● **Supplied material**

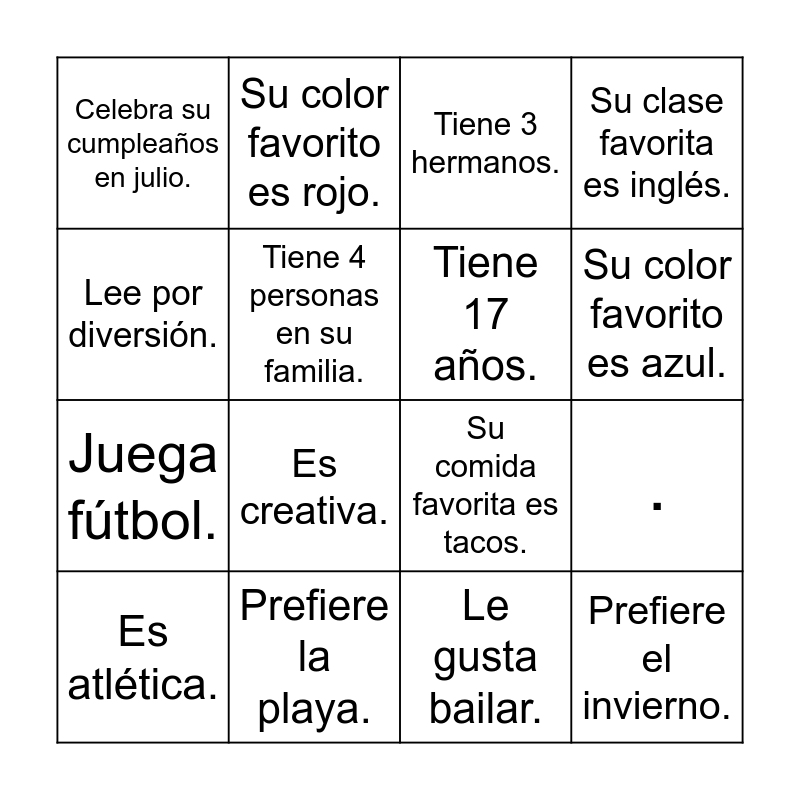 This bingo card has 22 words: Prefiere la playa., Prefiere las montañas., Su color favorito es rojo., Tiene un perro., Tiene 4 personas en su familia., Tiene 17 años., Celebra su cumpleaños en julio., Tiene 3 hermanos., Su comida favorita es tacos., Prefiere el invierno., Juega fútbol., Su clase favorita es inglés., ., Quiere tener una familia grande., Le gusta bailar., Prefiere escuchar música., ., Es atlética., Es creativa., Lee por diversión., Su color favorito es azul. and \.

---

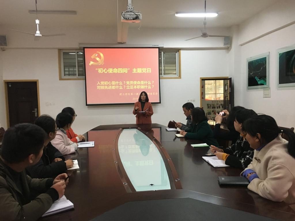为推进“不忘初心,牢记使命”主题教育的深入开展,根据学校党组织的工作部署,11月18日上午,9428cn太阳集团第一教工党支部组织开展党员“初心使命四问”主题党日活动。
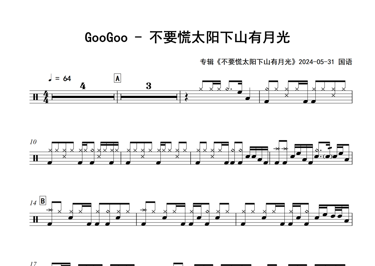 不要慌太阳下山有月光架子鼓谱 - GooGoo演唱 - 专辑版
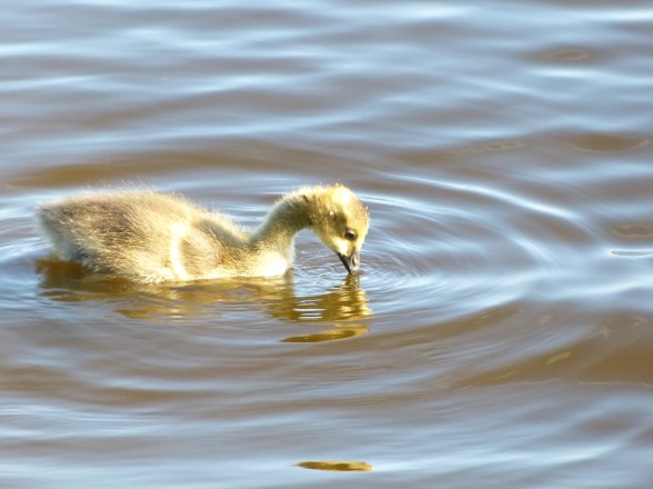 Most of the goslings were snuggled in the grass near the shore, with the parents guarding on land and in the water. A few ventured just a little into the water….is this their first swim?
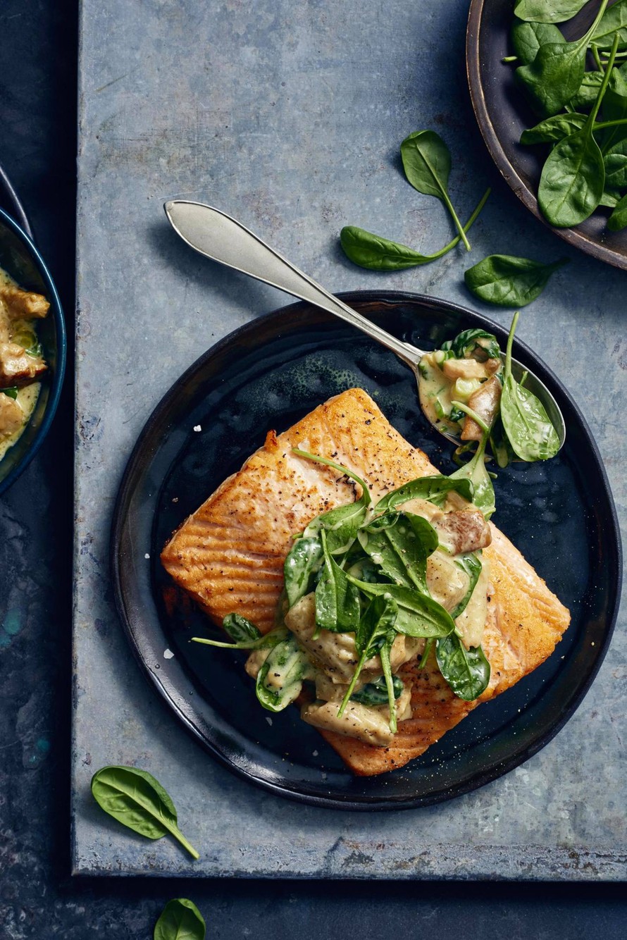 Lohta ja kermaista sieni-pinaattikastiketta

● **What you are asked to do**
Output exactly the lines above, beginning at the one with "不要慌太阳下山有月光架子鼓谱 - GooGoo演唱 - 专辑版" and stopping after the one with "Lohta ja kermaista sieni-pinaattikastiketta". Pictures are to be omitted.

● **Output of the task**
 不要慌太阳下山有月光架子鼓谱 - GooGoo演唱 - 专辑版
 Most of the goslings were snuggled in the grass near the shore, with the parents guarding on land and in the water. A few ventured just a little into the water….is this their first swim?
 Lohta ja kermaista sieni-pinaattikastiketta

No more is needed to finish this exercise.